What to produce – Everything from the line holding "シリアルコードが無事認識され" through the last line of the records should be repeated word for word, and pictures should be omitted.

Recorded information –
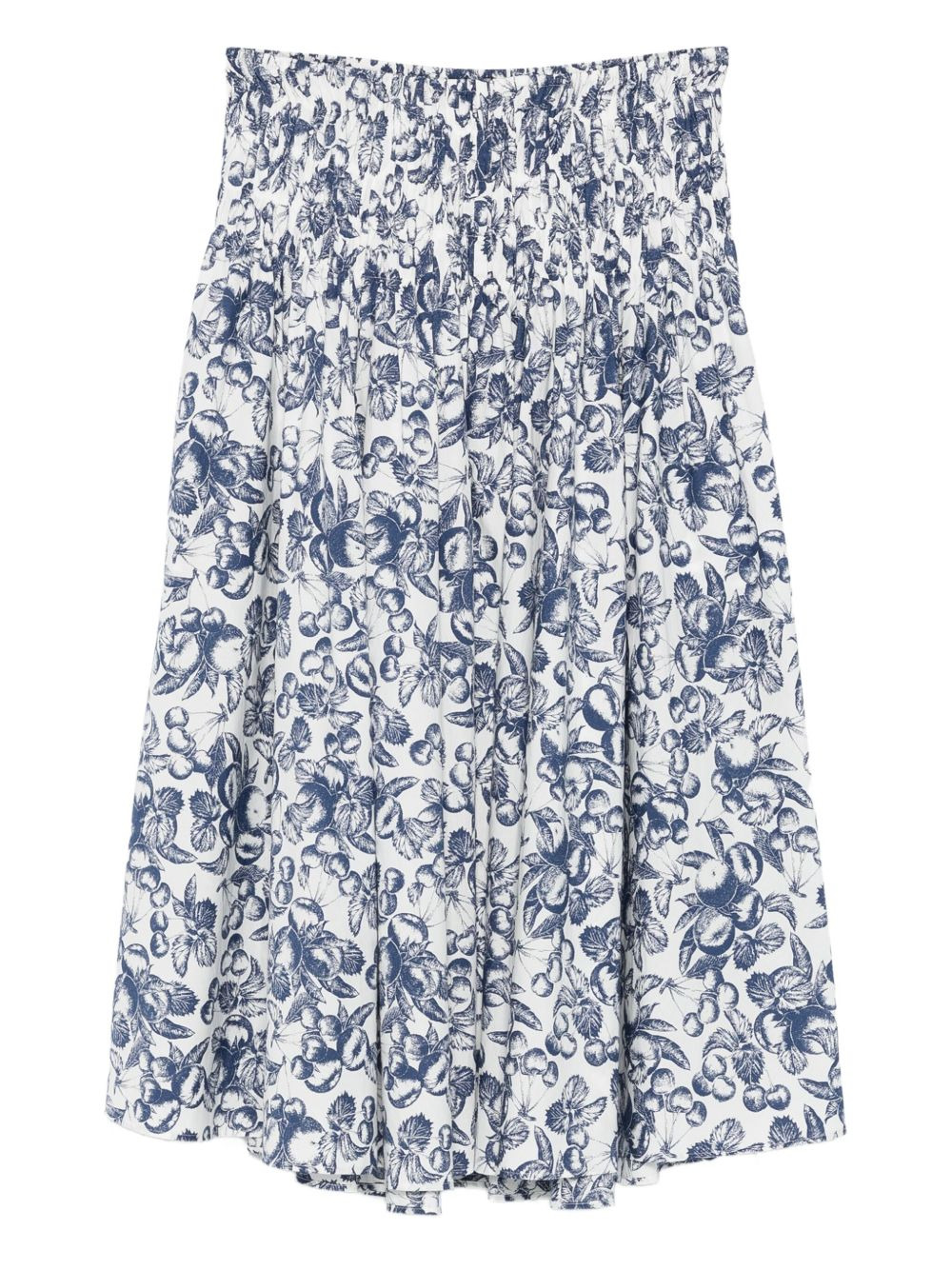 fruit-print smocked midi skirt Highlights - Off-white - Fruit print - Smocked waistband - Pleated skirt - Midi length - Cotton Imported Composition Cotton 100% Washing instructions Machine Wash
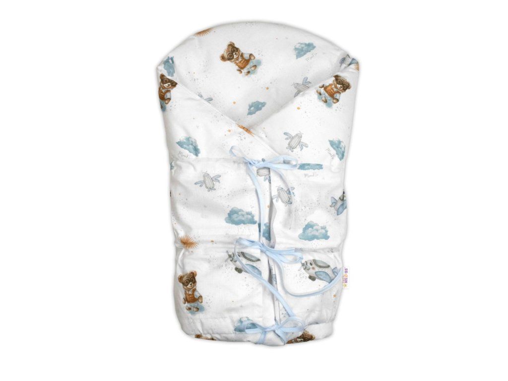Šněrovací zavinovačka s výplní – Baby Nellys. Baby Nellys – česká značka, která je zárukou bezpečí, kvality a pohodlí pro vaše miminko. Praktická šněrovací zavinovačka je ideální od prvních dnů života. Miminku poskytuje jemné zabalení, jistotu, teplo a pocit bezpečí, který podporuje klidnější spánek. Zavinovačka Baby Nellys je oblíbenou volbou maminek po celé České republice díky pečlivému zpracování a kvalitním materiálům, které jsou vhodné pro citlivou pokožku novorozenců. Rozměry a provedení. Rozměr rozložené zavinovačky: cca 70 × 77 cm. Vrchní část tvoří jemná potištěná bavlna, která je příjemná a prodyšná. Vnitřní výplň z hypoalergenního dutého vlákna zajišťuje lehké, ale hřejivé zabalení a pohodlí. Praktické vlastnosti. Po stranách jsou našita křídla se třemi šňůrkami v tunýlcích, které umožňují bezpečné utažení podle potřeby. Povlak lze prát samostatně bez výplně. Tato možnost výrazně usnadňuje rychlou údržbu při každodenním používání. Zavinovačka je vhodná do postýlky, kočárku i kolébky, ideální pro celoroční využití. Doporučení. Doporučujeme dokoupit náhradní povlak, aby byla vždy po ruce čistá varianta a výměna mohla proběhnout během chvilky. Náhradní povlaky Baby Nellys najdete v našem e-shopu. Materiál a údržba. Vrchní látka: 100% bavlna. Výplň: duté hypoalergenní vlákno. Praní povlaku: 40 °C. Praní výplně: 30 °C. Proč zvolit Baby Nellys. Baby Nellys je česká značka s dlouholetou tradicí a důrazem na bezpečné materiály a kvalitní zpracování. Produkty jsou navrženy s ohledem na pohodlí miminka a praktické použití v každodenním životě. Zavinovačky Baby Nellys patří mezi nejprodávanější výbavu pro novorozence v ČR. Důležité informace. Certifikováno a atestováno – 1. jakost, bezpečné pro děti. Materiál splňuje evropský standard OEKO-TEX. Před prvním použitím doporučujeme výrobek vyprat. Barvy se mohou mírně lišit v závislosti na nastavení monitoru. Rozměry se mohou lišit o ±3 cm. Pravidelně kontrolujte švy a šňůrky, při poškození výrobek dále nepoužívejte.Doplňkové parametry
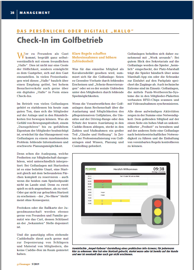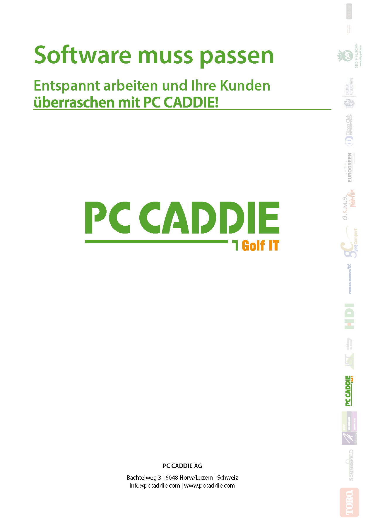 „PC CADDIE offers the largest scope regarding the recommendations for future green fees… As sole supplier, PC CADDIE supports the sale of complete green fee packages according to the available information, for example green fee plus cart plus rental clubs, at a total price of... an important and effective instrument for optimizing earnings, as the customer no longer sees individual prices... In addition, PC CADDIE supports most of the club's services as an optional service... “. Read the article in full
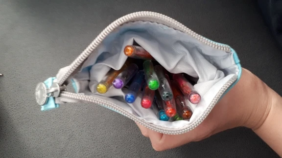 Красивый вместительный пенал, поместился набор карандашей, набор фломастеров и кисти, в высоту тоже хорошо- застёгивается, ничего не мешает
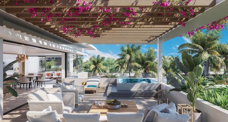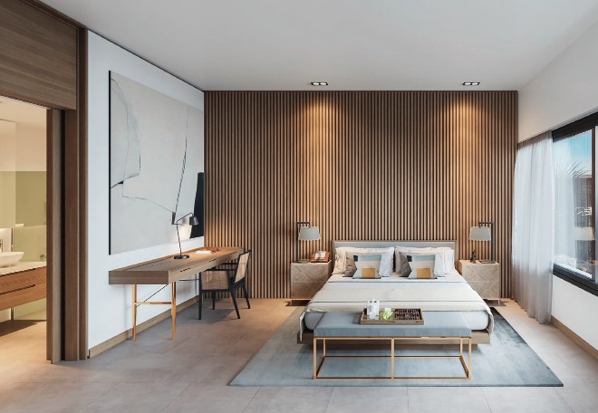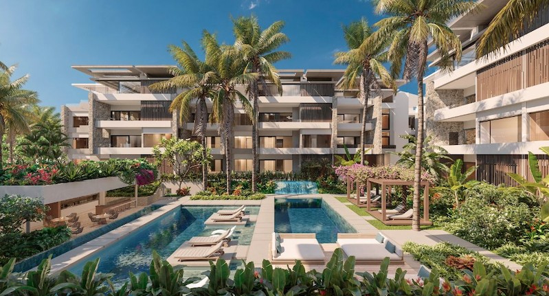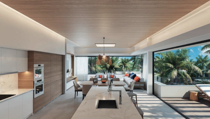 This residence is located a few steps from the glorious beach of Trou aux Biches, offers the ultimate refined living experience. These residences present unrivalled style and quality of life through location, layout, features and finishes. And they offer great value as a buy-to-let investment! So, living here means enjoying all the exclusive hotel privileges offered by the five-star Le Cardinal Exclusive Resort & Spa as well as Casuarina Resort & Spa. The design is inspired by the architecture of Casuarina Resort & Spa. Penthouses offer a perfect blend of indoor and outdoor living. The best thing about the uncluttered bedroom is the view from the picture window, which runs the full length of this space. The earthy colour palette throughout the home is even more grounding here and complements the vitality of the tropical greenery visible outdoors.
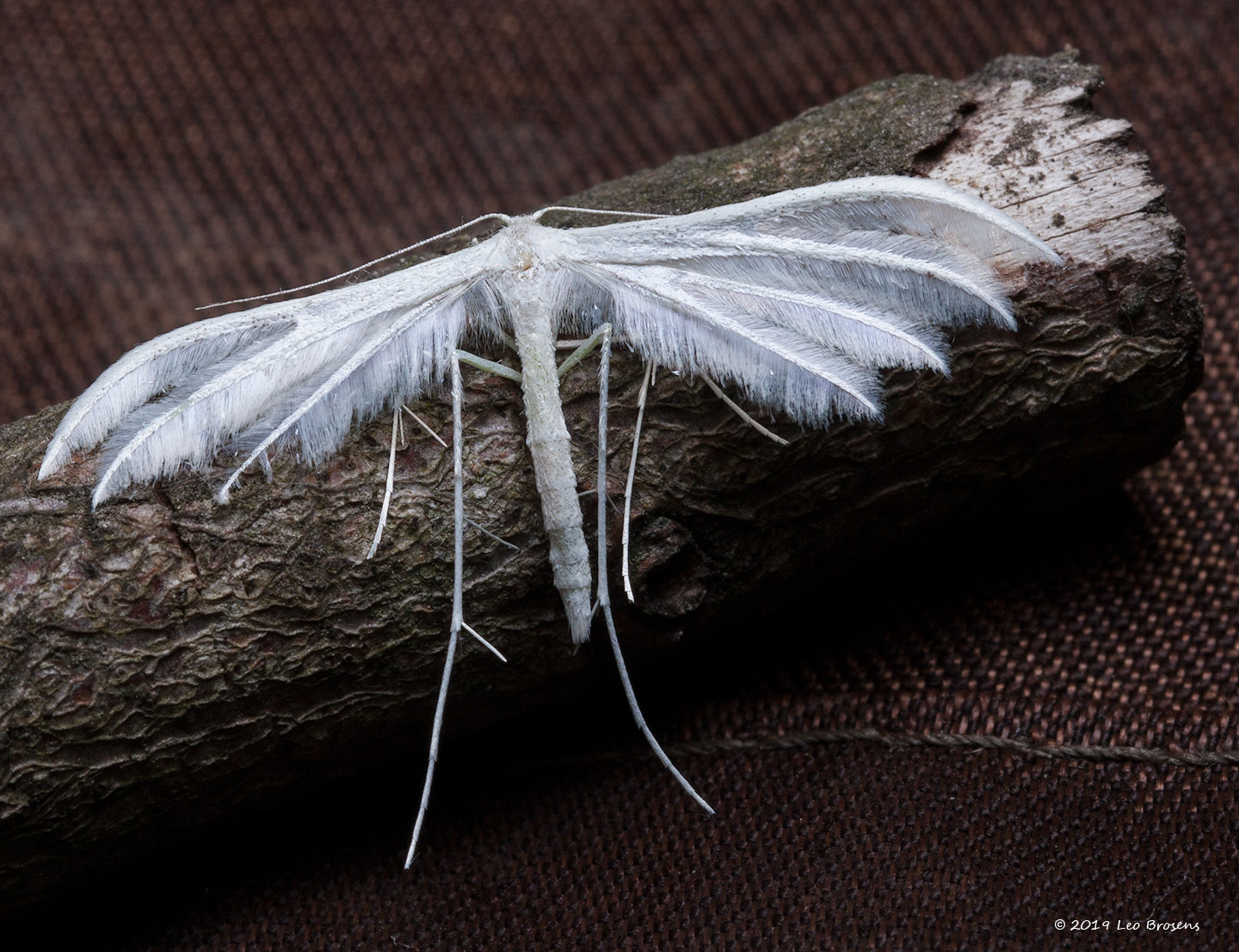 Tot nu heb ik een drietal vedermotjes gevonden in onze tuin. Daarbij dit geheel witte, sneeuwwitte, exemplaar. Gemakkelijk in de gidsjes terug te vinden deze keer. Hier kon ik het motje op een stukje tak laten zitten. Deze soort heeft nogal eens de vleugels niet geheel gesloten en daardoor is, als je goed kijkt, te zien hoe dit vliegtuigje eigenlijk is gebouwd. We zien de gewone boven- en ondervleugel. Echter van beide vleugels zijn alleen de buitenste randen nog bestaand en die zijn dan, zeg maar, enorm behaard. Door goed fladderen daarmee kan toch best goed het luchtruim worden bereisd.
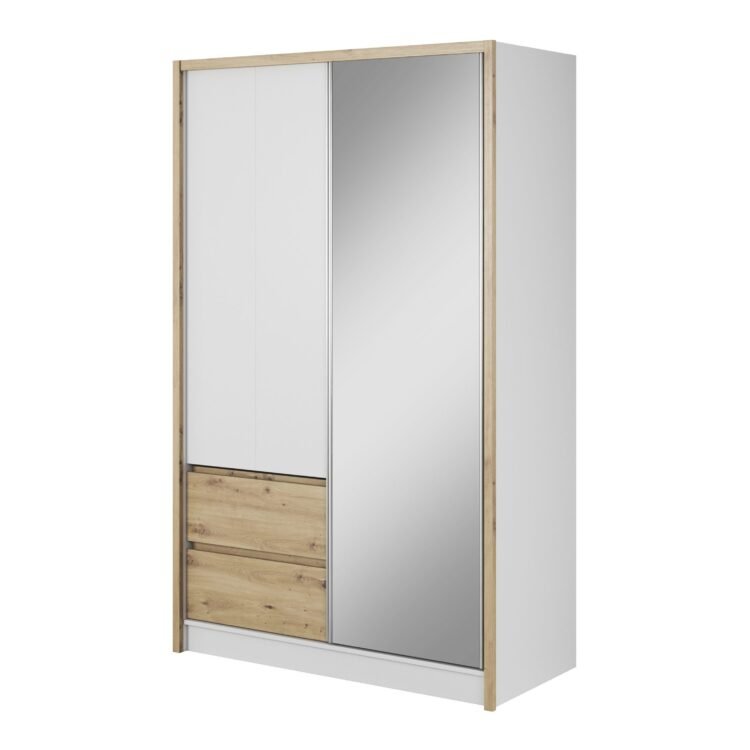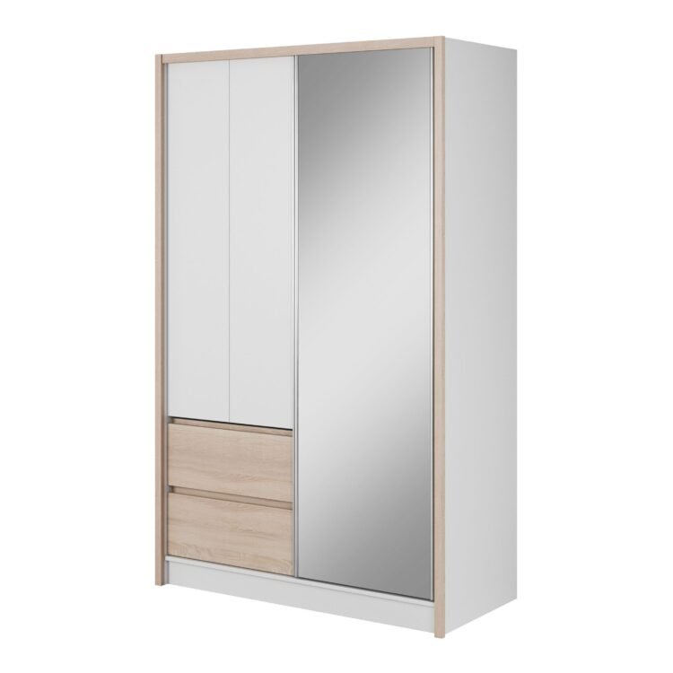 Drzwi szafy zostały pokryte lustrem, aby optycznie powiększyć przestrzeń, a mechanizm przesuwny zapewnia wygodne użytkowanie. Prosta, ale elegancka kolorystyka i konstrukcja szafy sprawiają, że z łatwością dopasujesz ją do innych elementów wystroju.
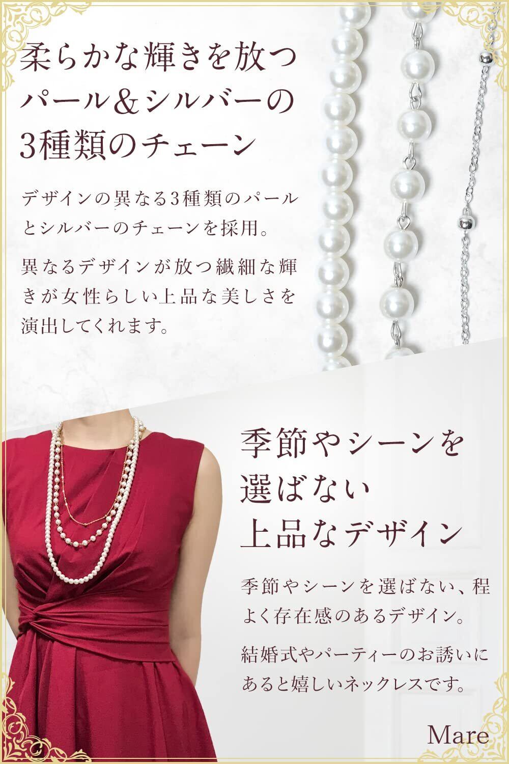 Mare(マーレ) パール ネックレス ロング レディース 結婚式 パーティ 入学 卒業 式 おしゃれ シルバー アクセサリー フォーマル お呼ばれ プレゼント ギフト (ギフトバック付き)
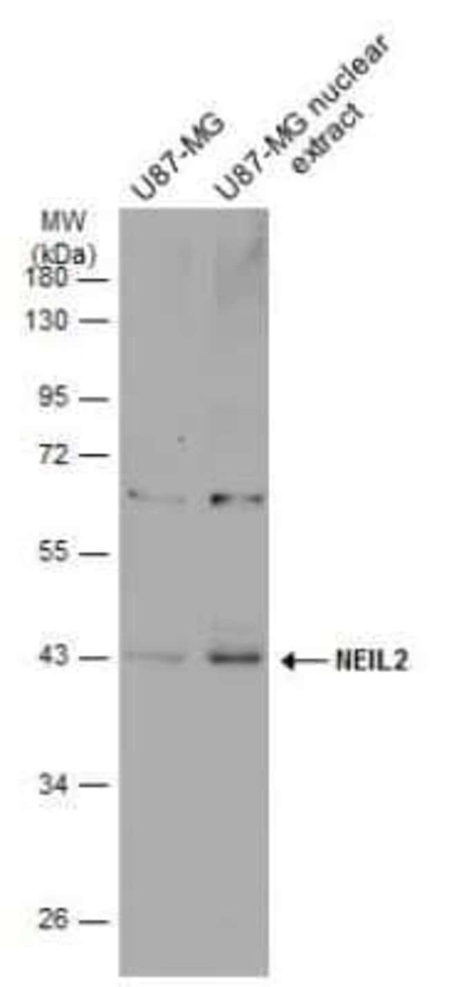 | Immunogen | Recombinant protein encompassing a sequence within the center region of human NEIL2. The exact sequence is proprietary. |
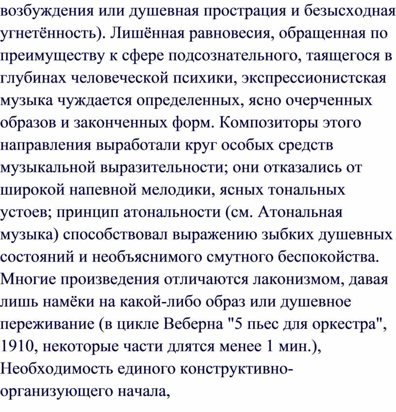экспрессионистская музыка чуждается определенных, ясно очерченных образов и
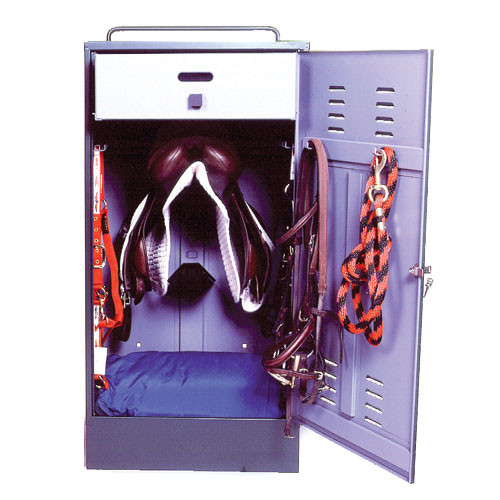 Cerradura individual con llave, cajón interior, dos portasillas con posibilidad de colocar a diversas alturas y multitud de ganchos porta- bridas y otros objetos. Varias posibilidades de pintura o galvanizado. Asa para fácil transporte. Dimensiones: 128x60x60 cm. Peso: 47 kg. Colores: galvanizado, azul y verde.
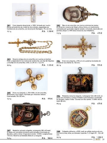 aprox. Nº anillero: 13. A estrenar. estimadas: H-VVS). Nº de anillero: 15. A estrenar. 287 Medallón relicario colgante, rectangular (80 x 60 mm), 288 Colgante-relicario, s XVIII, oval, en sólida montura de oro
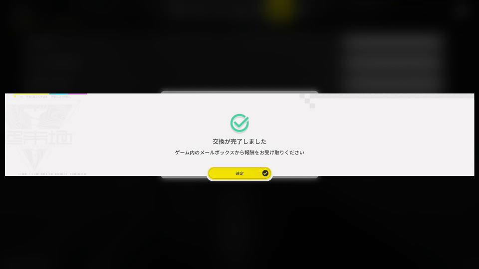 シリアルコードが無事認識されると『交換が完了しました。ゲーム内のメールボックスから報酬をお受け取りください』と表示されます。
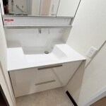 スッキリとエレガントなフォルムの洗面化粧台が設置出来ました。収納力が高く便利な機能が充実した洗面化粧台となっています。
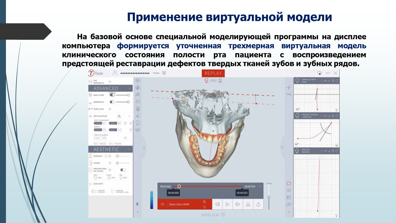 На базовой основе специальной моделирующей программы на дисплее компьютера формируется уточненная трехмерная виртуальная модель клинического состояния полости рта пациента с воспроизведением предстоящей реставрации дефектов твердых тканей зубов и зубных рядов.
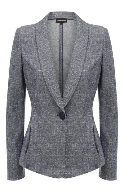 Строгий приталенный силуэт у синего жакета с узкими лацканами Джорджо Армани смягчил, выбрав для пошива не плотную костюмную ткань, а приятный на ощупь материал на основе хлопка. Чтобы меланжевая модель без подклада лучше держала форму и не растягивалась со временем, в состав добавили прочные волокна полиэстера.
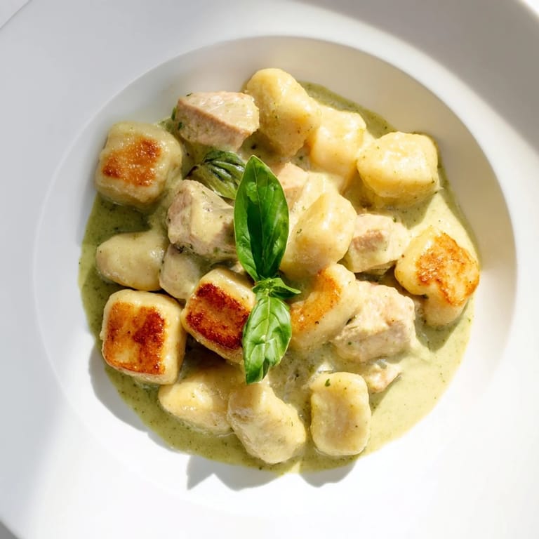 Save The first time I made this dish, I was rushing to get dinner on the table before a movie night with friends. I hadnt planned anything special, just a package of gnocchi sitting in the pantry and some chicken that needed to be used. When that creamy pesto sauce came together, coating those crispy little potato pillows, everyone went quiet. The best part is it comes together in about 35 minutes but tastes like it took all afternoon.

Final answer –
 シリアルコードが無事認識されると『交換が完了しました。ゲーム内のメールボックスから報酬をお受け取りください』と表示されます。
 スッキリとエレガントなフォルムの洗面化粧台が設置出来ました。収納力が高く便利な機能が充実した洗面化粧台となっています。
 На базовой основе специальной моделирующей программы на дисплее компьютера формируется уточненная трехмерная виртуальная модель клинического состояния полости рта пациента с воспроизведением предстоящей реставрации дефектов твердых тканей зубов и зубных рядов.
 Строгий приталенный силуэт у синего жакета с узкими лацканами Джорджо Армани смягчил, выбрав для пошива не плотную костюмную ткань, а приятный на ощупь материал на основе хлопка. Чтобы меланжевая модель без подклада лучше держала форму и не растягивалась со временем, в состав добавили прочные волокна полиэстера.
 Save The first time I made this dish, I was rushing to get dinner on the table before a movie night with friends. I hadnt planned anything special, just a package of gnocchi sitting in the pantry and some chicken that needed to be used. When that creamy pesto sauce came together, coating those crispy little potato pillows, everyone went quiet. The best part is it comes together in about 35 minutes but tastes like it took all afternoon.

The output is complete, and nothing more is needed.